Nature publishes 17 parameter fits to 20 plus data points

mad44 · on Feb 5, 2010

http://www.nature.com/nature/journal/v427/n6972/full/427297a... How one intuitive physicist rescued a team from fruitless research.

Quote from Freeman Dyson:

In desperation I asked Fermi whether he was not impressed by the agreement between our calculated numbers and his measured numbers. He replied, “How many arbitrary parameters did you use for your calculations?” I thought for a moment about our cut-off procedures and said, “Four.” He said, “I remember my friend Johnny von Neumann used to say, with four parameters I can fit an elephant, and with five I can make him wiggle his trunk.

smanek · on Feb 5, 2010

That anecdote was worth it just for 'Johnny von Neumann' ;-)

I've generally heard that most scientists of the day considered von Neumann the smartest man in science (he'd have to be - he single handedly revolutionized several branches of CS, Physics, Math, Economics, etc. Somehow hearing him called 'Johnny' makes him much less intimidating though ...

halo · on Feb 5, 2010

Non-paywall mirror: http://cmm.cit.nih.gov/~hassan/dyson.pdf

hyperbovine · on Feb 5, 2010

Funny, but not as good as the econ paper I once came across extolling the virtues of a method which allowed one to "sidestep the issues associated with negative degrees of freedom" (or something to that effect.) In other words, fitting a line to one data point :-)

houseabsolute · on Feb 5, 2010

As a non-statistician, am I right in thinking that the problem here is that with this many parameters, you can fit almost any data? Or something?

cduan · on Feb 5, 2010

Why yes indeed. Although it's more an issue of the ratio of parameters to data points. Consider, for example: if you had 20 data points and used 20 parameters to fit them, you would generate a model that fits all 20 parameters perfectly! But the model would probably be useless for any new data points, because it takes into account all the irrelevant aspects of the 20 data points (their "randomness").

Have a look at: http://en.wikipedia.org/wiki/Overfitting

larsr · on Feb 5, 2010

It is probably a case of overfitting, but it could also be the case that they are fitting an existing model that really has 17 parameters. Without more context, it's a little hard to judge. If I remember, I'll look at the full paper tomorrow. It might make a nice example.

duskwuff · on Feb 5, 2010

If the model really does have 17 parameters, though, then they need a heck of a lot more than 20 data points to demonstrate its correctness.

larsr · on Feb 5, 2010

Probably, but all I see is a graph and the abstract.
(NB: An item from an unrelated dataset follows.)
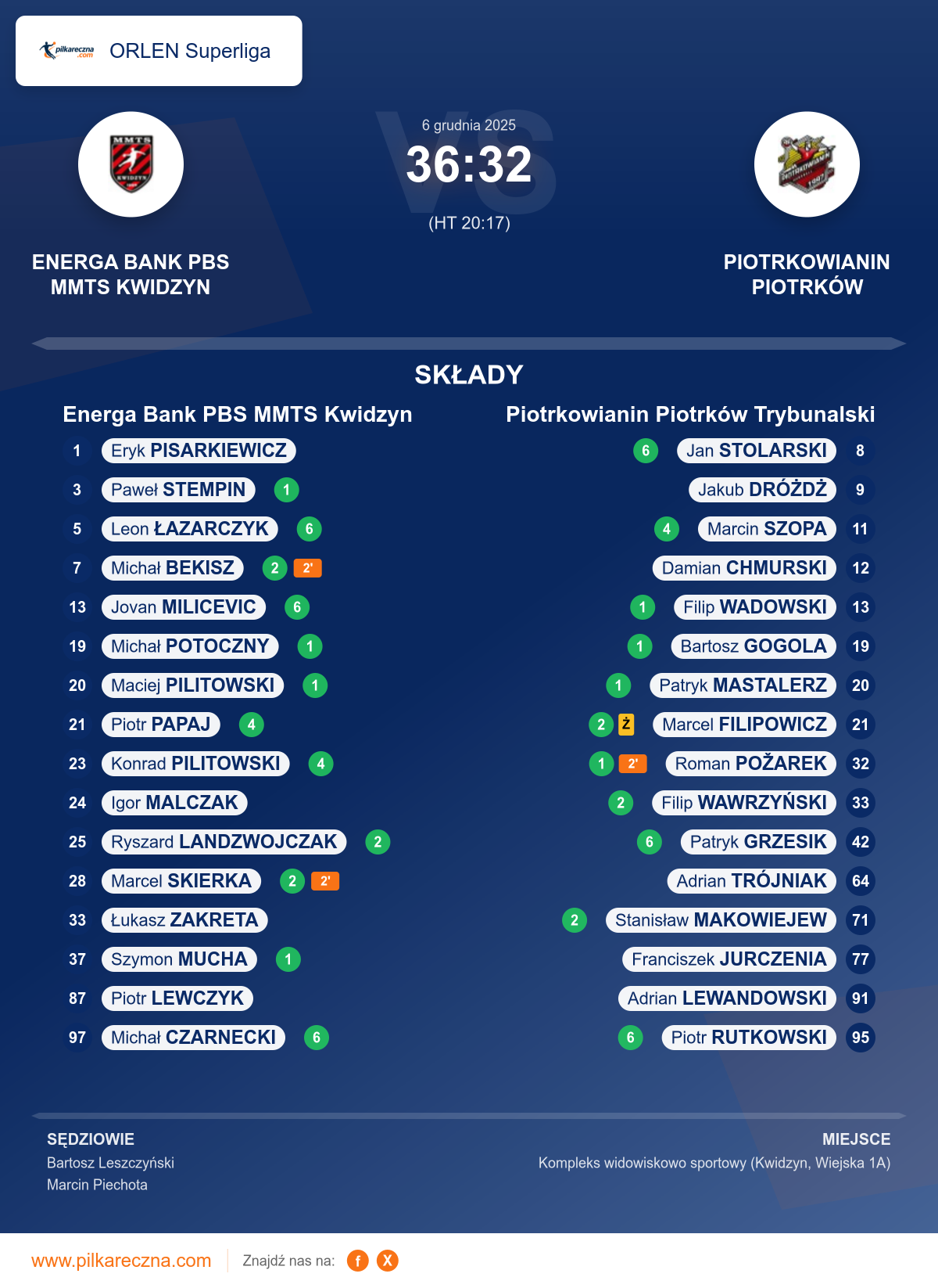 Energa Bank PBS MMTS Kwidzyn 36–32 Piotrkowianin Piotrków Trybunalski

It also depends on how the model is being used in the paper. Unless I'm mistaken, Nature puts papers through peer review, which for me personally, anyways, means I'd want to actually read the whole paper before fire and pitchforks.

keefe · on Feb 5, 2010

That's pretty outrageous if the claim in the paper is true - this is a really common problem that I ran into as an undergraduate doing modeling to fit bacterial conjugation rates to differential equations for predator prey dynamics.

nearestneighbor · on Feb 5, 2010

In general, it's OK to use more parameters than data points even, if you properly use regularization (such as weight decay), for example. Other times, even significantly fewer parameters than data points can be wrong.

jey · on Feb 5, 2010

That sounds pretty ad-hoc. Sure, you can throw an L1 or L2 regularizer on your objective function, but it should be well-motivated.

Should probably just use Gaussian process regression if you want to do inference over the space of all[1] functions in a principled (i.e. Bayesian) manner.

1. (or the space of all polynomial functions or something. I forget)

_delirium · on Feb 5, 2010

I don't think there's any consensus in the statistics community on which of the many ways to do inference over "nearly all" functions is the better one; nonparametric regression is basically a whole field, and pretty in flux over the past 10 years.